Search code examples
sqlpostgresqlwindow-functionsmedian

Filling in missing values with a median in postgres


How can I replace avg with a median calculation in this?

select *
, coalesce(val, avg(val) over (order by t rows between 3 preceding and 1 preceding)) as fixed
from (
    values
    (1, 10),
    (2, NULL),
    (3, 10),
    (4, 15),
    (5, 11),
    (6, NULL),
    (7, NULL),
    (8, NULL),
    (9, NULL)
) as test(t, val)
;

Is there a legal version of this?

percentile_cont(0.5) within group(order by val) over (order by t rows between 3 preceding and 1 preceding)

Solution

  • Unfortunately percentile_cont() is an aggregate function, for which there is no equivalent window function.

    One workaround is to use an inline subquery to do the aggregate computation.
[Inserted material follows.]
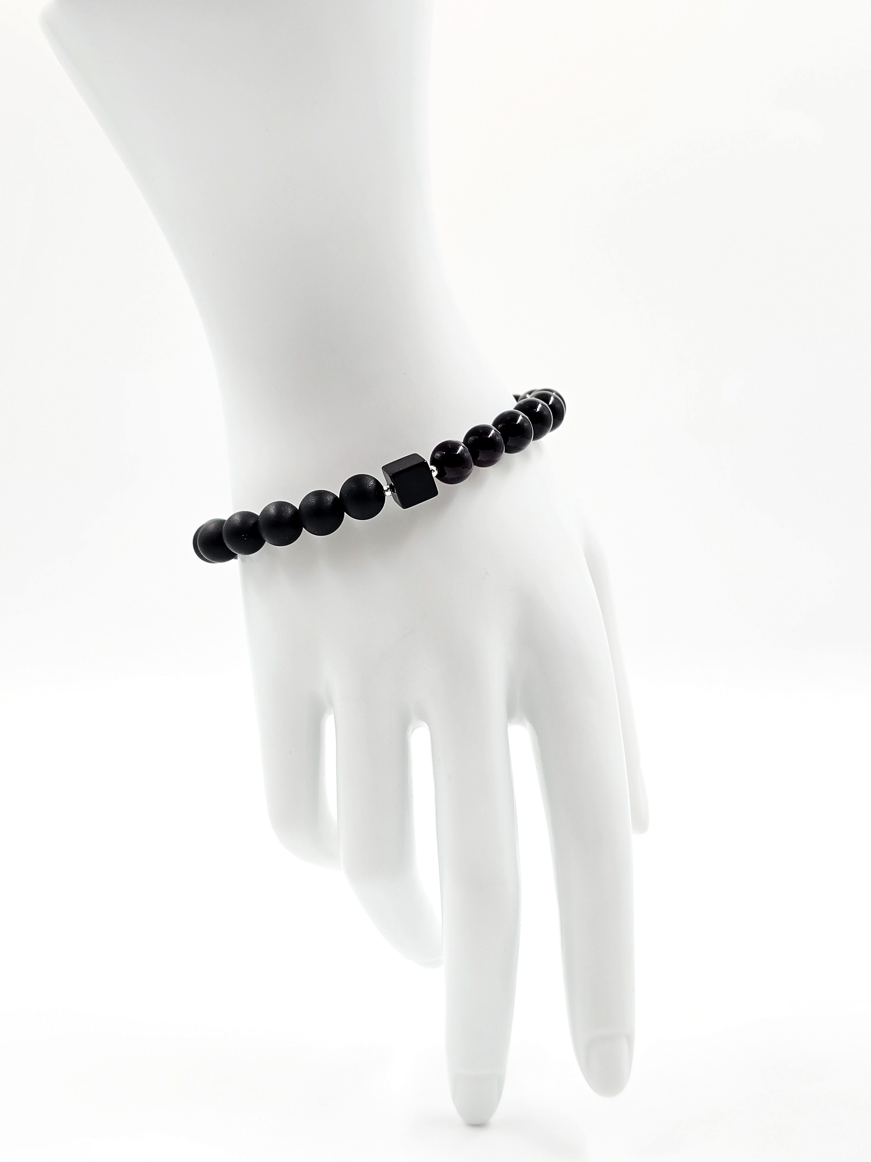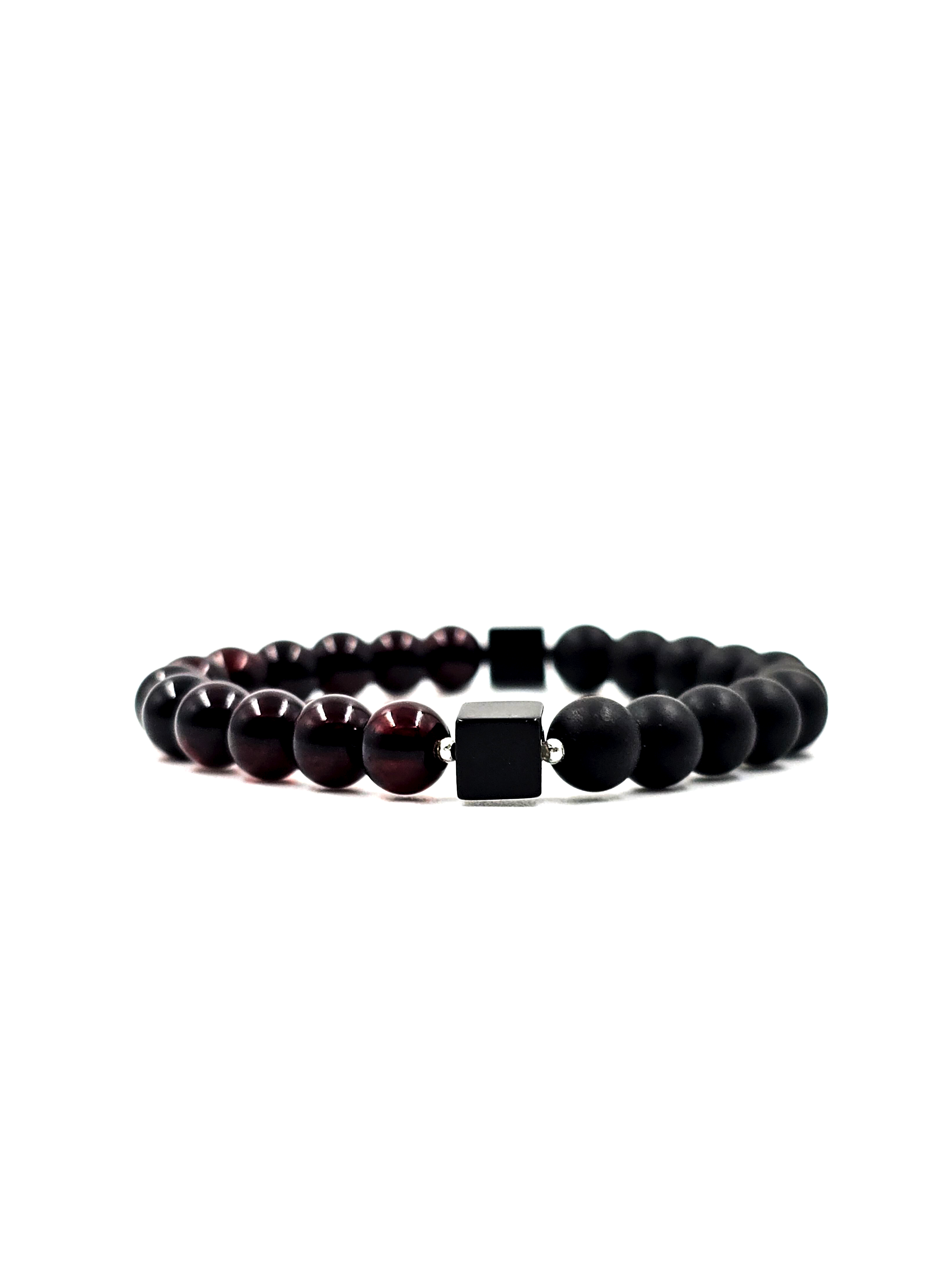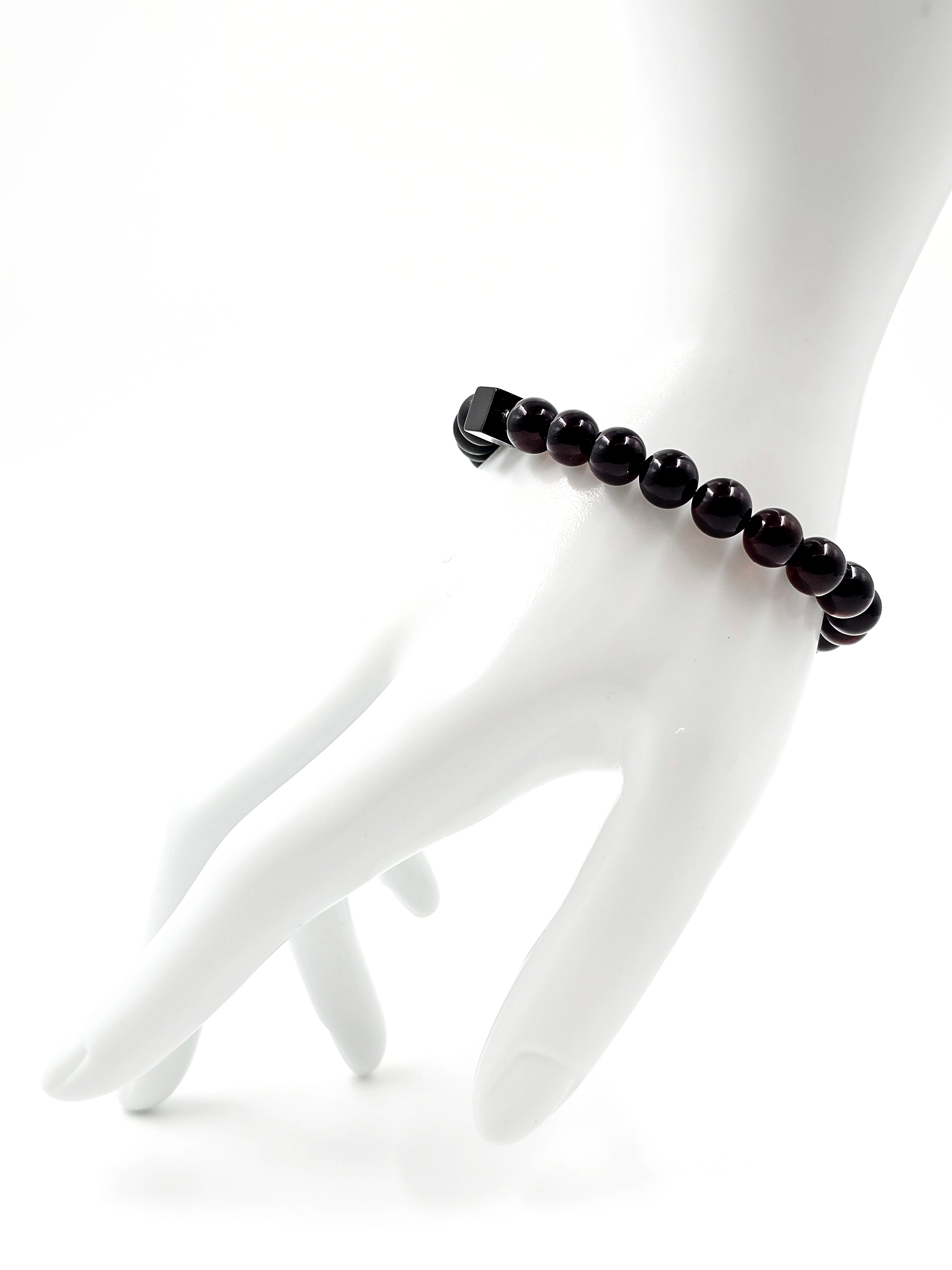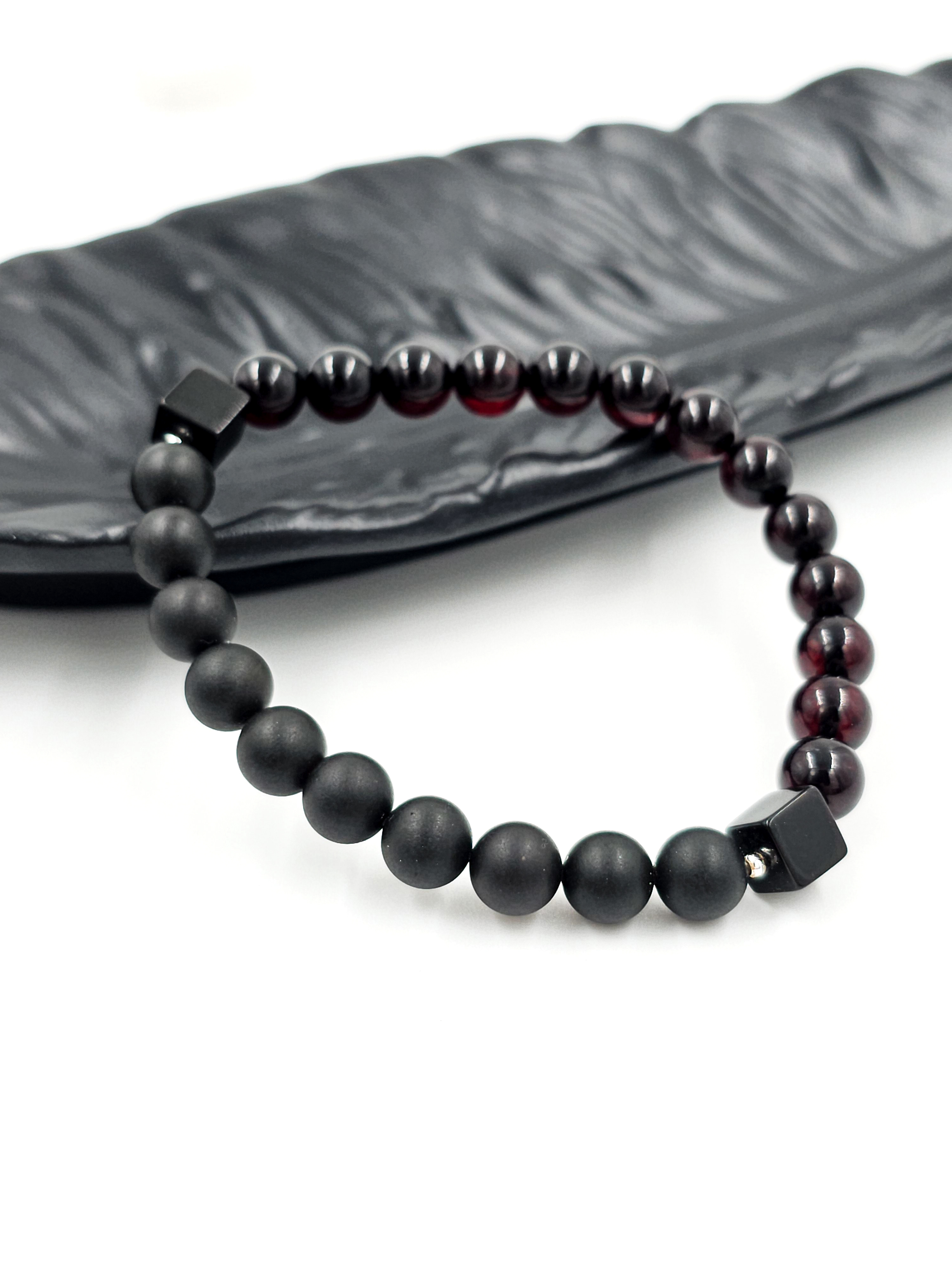 Основные компоненты этого браслета – это матовые темные бусины чёрного оттенка и полированные темно-вишнёвые бусины. Янтарь, из которого они изготовлены, прошёл специальную обработку, что позволяет ему сохранить все природные качества и текстуру. Матовые бусины не подвергались дополнительной полировке, а темно-вишневые бусины прошли этот этап, что придаёт им уникальный глянец.

    If ids are always increasing, then you can do:

    select 
        t.*,
        coalesce(
            t.val, 
            (
                select percentile_cont(0.5) within group(order by t1.val)
                from test t1
                where t1.id between t.id - 3 and t.id - 1
            )
        ) fixed
    from test t
    

    Otherwise, you need an additional level of nesting:

    select 
        t.*,
        coalesce(
            t.val, 
            (
                select percentile_cont(0.5) within group(order by t1.val)
                from (select val from test t1 where t1.id < t.id order by t1.id desc limit 3) t1
            )
        ) fixed
    from test t
    

    Demo on DB Fiddle - both queries yield:

    id |  val | fixed
    -: | ---: | :----
     1 |   10 | 10   
     2 | null | 10   
     3 |   10 | 10   
     4 |   15 | 15   
     5 |   11 | 11   
     6 | null | 11   
     7 | null | 13   
     8 | null | 11   
     9 | null | null